У крайнего двора Акундина Медведева стояли три оседланных лошади, а четверо казаков, с желтыми лампасами, в шинелях и башлыках, при шашках и в сдвинутых набекрень папахах гулеванили, прикладываясь поочередно к горлышку пузатой бутыли.
Дело житейское – на побывку домой приехали казаки из дивизиона, вот и пьют на радостях. А что еще делать казакам прикажите, лучше уж этот день потерять, но отдохнуть на славу от казарменного бытия, а с утречка и по хозяйству поработать можно. Хорошо отдыхают казаки, всласть, как полагается. Углядев верхового, служивые развернулись поперек проулка и в четыре луженые глотки песню разухабистую разом загорланили:
За Аргунью, ой да за рекой, казаки гуляют!
Эх, эх, живо не робей, казаки гуляют!
Эх, эх, живо не робей, казаки гуляют!
Они свои каленые стрелы за Аргунь пущают!
Эх, эх, живо не робей, за Аргунь пущают!
Эх, эх, живо не робей, за Аргунь пущают!
Горланили весело, с задором, видно, приняли уже немало. Песня была старая, забайкальская, из тех времен, когда иркутских казаков отправляли туда на помощь в караулы, набеги немирных мунгалов и маньчжурцев отражать. Оттуда на Иркут и привезенная дедами-прадедами.
Они, братцы, ой да мало спят – в поле да разъезжают!
Эх, эх, живо не робей, в поле да разъезжают!
Эх, эх, живо не робей, в поле да разъезжают!
Забайкальцы, ой да храбрецы, бравые робяты!

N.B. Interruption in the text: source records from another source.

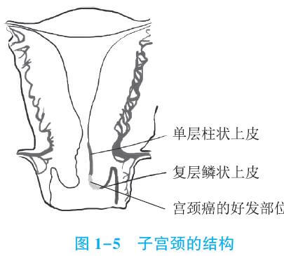 (2)宮頸:主要由致密的結(jié)締組織組成。宮頸管黏膜上皮細(xì)胞呈為高柱狀,黏膜內(nèi)有許多腺體,可分泌堿性黏液,形成黏液栓堵塞宮頸管。宮頸陰道部的上皮為復(fù)層鱗狀上皮,表面光滑。鱗狀上皮與宮頸管的柱狀上皮在宮頸外口處相交接,是宮頸癌的好發(fā)部位。宮頸黏液的性狀受性激素影響,發(fā)生周期性變化。
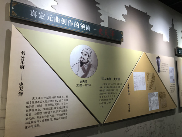 在博物馆内,不仅可以看到与元曲有关的各种陈列,还能见到许多老物件,比如堂鼓、唢呐、笙、中阮、板、京胡、琵琶等,共有十几种乐器。墙上还图文并茂地介绍了中国古代戏曲的发展脉络、元杂剧的剧本形式、五宫四调与曲牌。
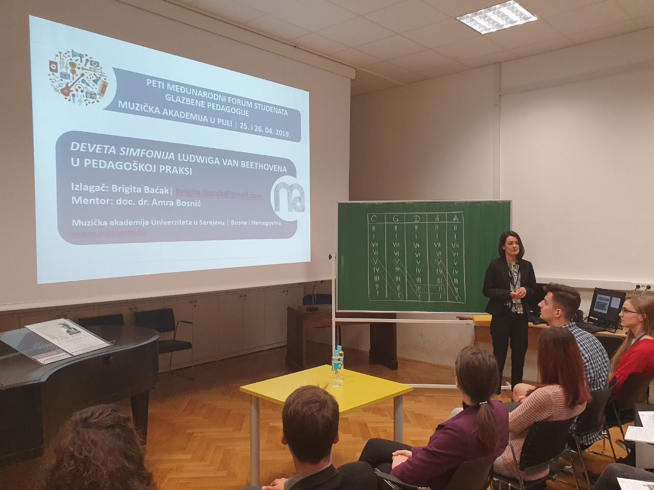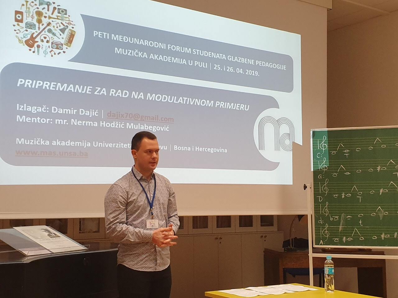 Students of the Department of Music Theory and Pedagogy, UNSA Music Academy Brigita Baćak and Damir Dajić participated at the Fifth International Forum of Students of Music Pedagogy, held on 25 and 26 April 2019, at the Music Academy of the University of Juraj Dobrila in Pula.
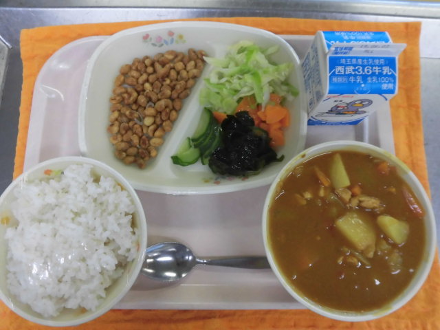 ★牛乳・チキンカレー・海草サラダ・大豆のカリカリ揚げ★
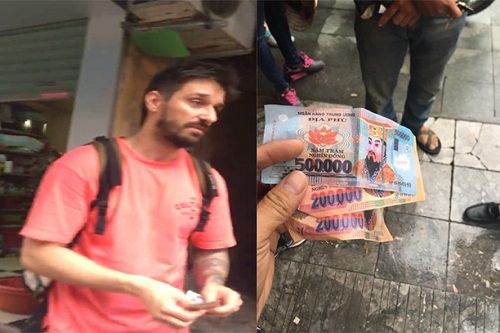 Vị khách Tây với số tiền âm phủ được trả lại sau khi đi xích lô. Ảnh: Lao Động |
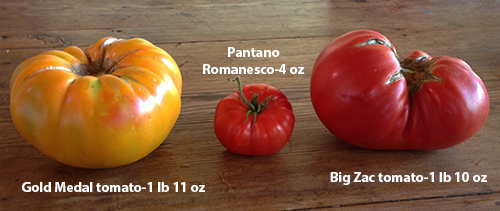 Here are the two biggest tomatoes so far this season. The yellow one on the left is 1 lb 11 oz Gold Medal and the red one on the far right is a 1 lb 10 oz Big Zac. I got second place at the State Fair with a little smaller Big Zac tomato but if I had found this Gold Medal I would have had first. It’s ok though as I took 5 first places, 1 second place and 1 third place at the State Fair. Can’t be too greedy.
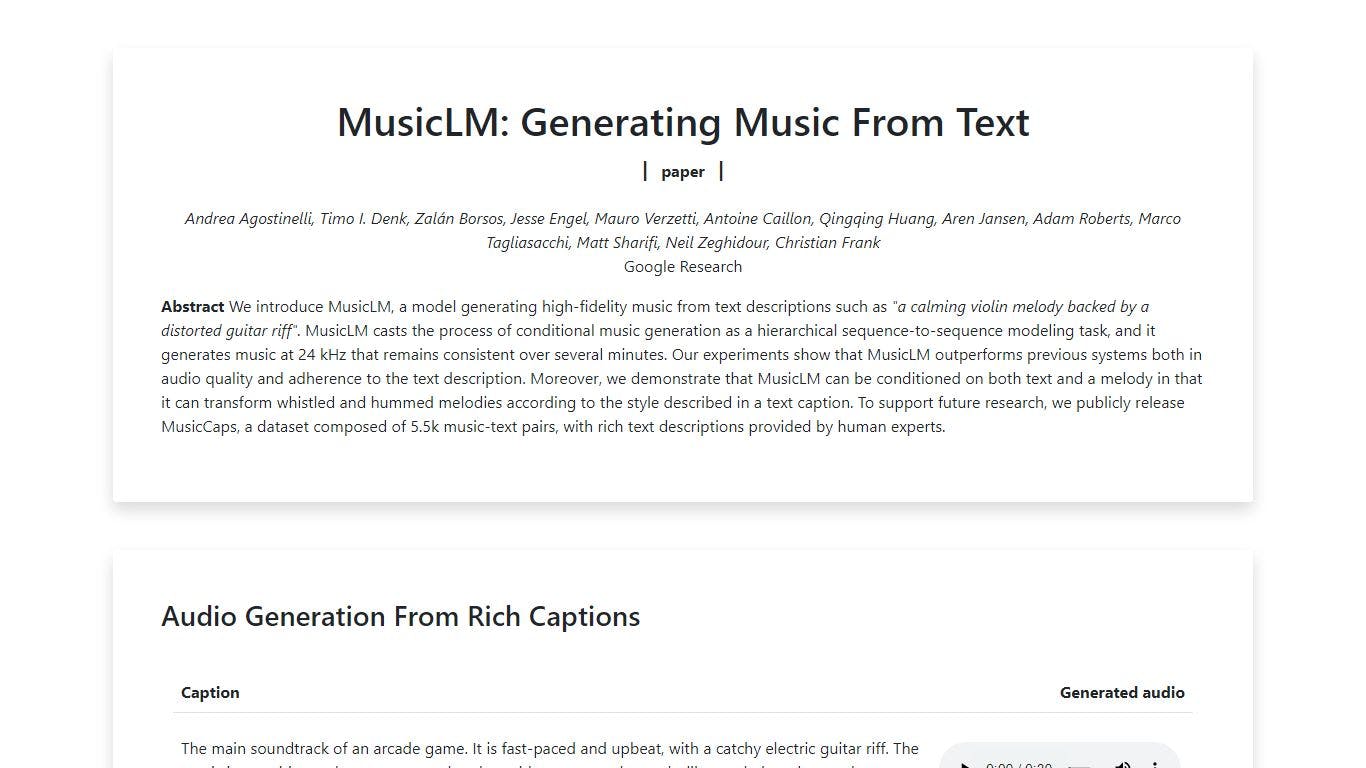 Google introduce MusicLM, a model generating high-fidelity music from text descriptions such as “a calming violin melody backed by a distorted guitar riff”.
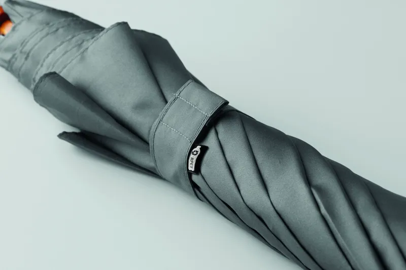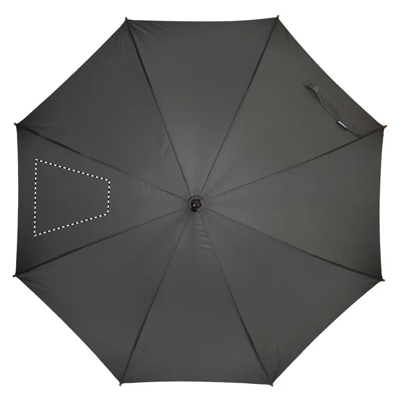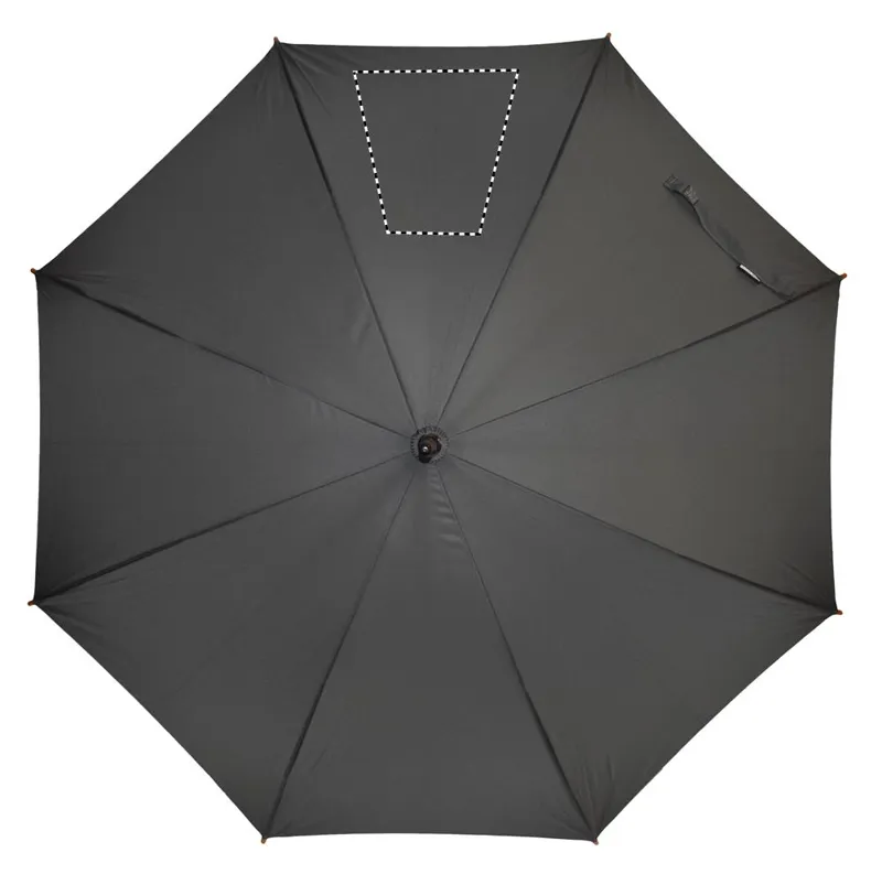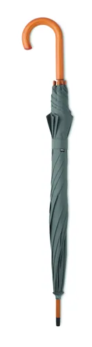 23 colos automatikus nyitású esernyő 190T RPET nyersselyem anyagból, fa rúddal, fa cikkelyzáró elemekkel és csúccsal, feketére festett fém vázzal. Görbített természetes fa markolattal, kézi záródással.
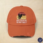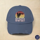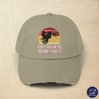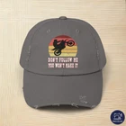 Don't Follow Me You Won't Make It Motor Bike Motorcross is a funny and cool gift for men, women and kids who love BRAAAP, brap, race, riding, motorcyle, rider, bike, helmet, motocross, dirt, biker, jdm, track, freestyle, drift, offroad, diesel, sunset, vintage, sun, funny and cool motive PRODUCT DESCRIPTION Made with 100% cotton twill for high-end comfort and durability, these custom distressed hats bring all the style and practicality one needs in daily life. The low profile along with the D-ring closure on a self-fabric hideaway strap ensures both proper protection from the sun and that perfect, adjustable fit. .: 100% cotton twill .: Sewn-in label .: Closure: self-fabric hideaway strap with metal D-ring slider .: Printed using Direct to Film (DTF) technology .: Please note: Due to a special finishing process, distress and color may vary SIZE GUIDE Imperial One size Crown height, in 6.50 Width of front panel, in 7.37 Bill length, in 2.87 Metric One size Crown height, in 16.51 Width of front panel, in 18.73 Bill length, in 7.30
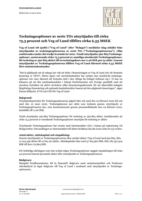 Denna information är sådan som Veg of Lund AB (publ) är skyldigt att offentliggöra enligt EU:s marknadsmissbruksförordning. Informationen lämnades, genom ovanstående kontaktpersons försorg, för offentliggörande den 12 mars 2022 kl. 09.10 CET.
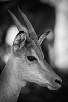 Impala portret, gefotografeerd in zwart wit met een prachtige onscherpe achtergrond.
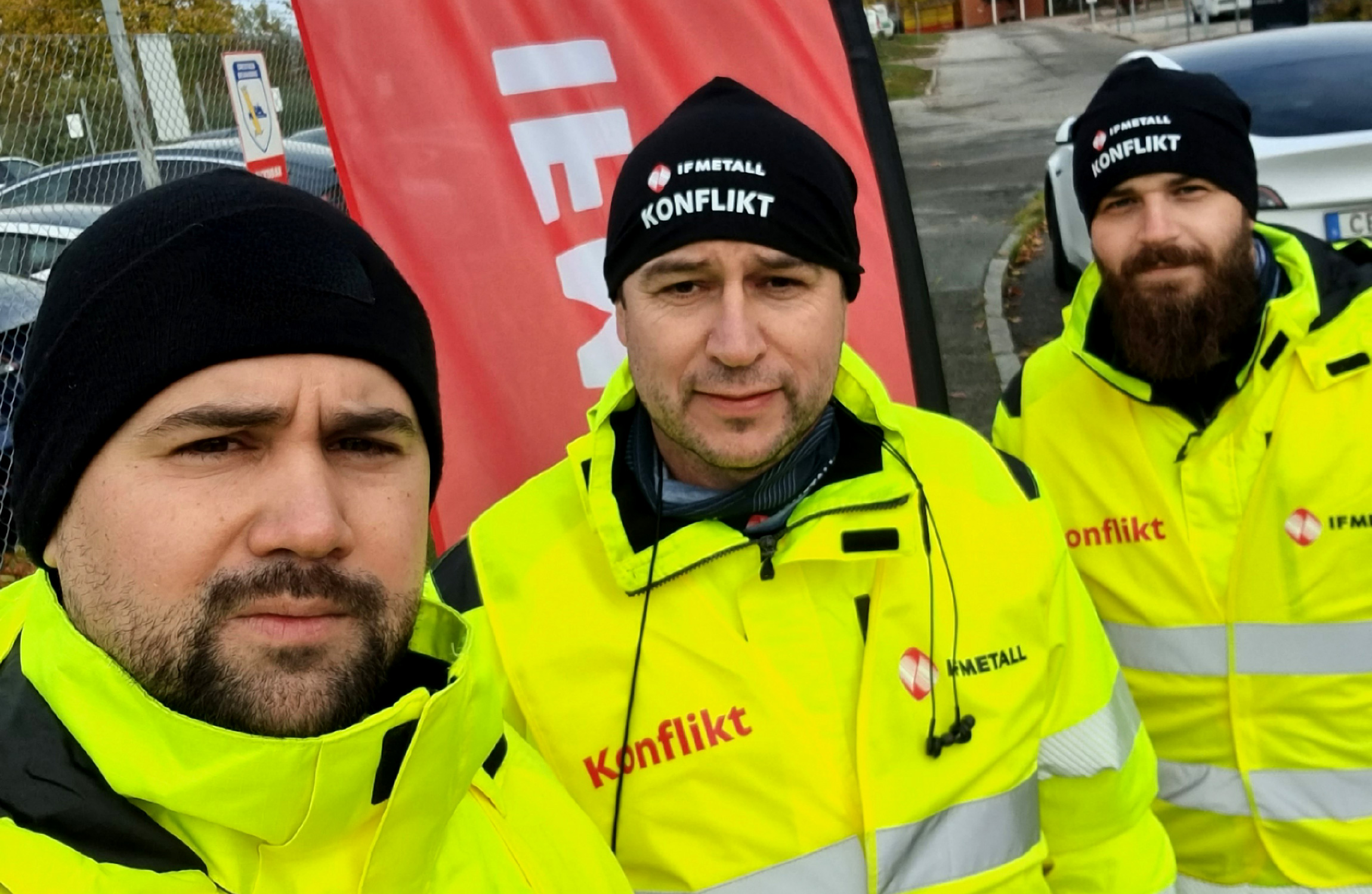 Tarik Dedic, Adis Heldic, och Isak Dudus från IF Metall står strejkvakt vid Tesla.

Эх, эх, живо не робей, бравые робяты!
Эх, эх, живо не робей, бравые робяты!
Песня была бодрящая, глотки луженые, так что Семен Кузьмич заслушался ребят. А те не унимались, разливались соловьями.
Они, братцы, ой да молодцы – водку пьют, гуляют!
Эх, эх, живо не робей, водку пьют, гуляют!
Эх, эх, живо не робей, водку пьют, гуляют!
Сладко выпьем, ой да поедим – все горе забудем!
Эх, эх, живо не робей, все горе забудем!
Эх, эх, живо не робей, все горе забудем!
И тут казаки добавили от себя такую похабщину, что у Семена Кузьмича, всю свою жизнь знавшего только одну женщину, Богом данную жену Анну, под папахой покраснели уши. Ох, и острые глаза у служивых – и углядели, и узнали, и сразу деда подковырнули. Его уважали, как и любого старика, но это не избавляло от таких вот приветствий – у каждого найдут станичники любимую мозоль и тут же на нее и надавят. Палец в рот не клади…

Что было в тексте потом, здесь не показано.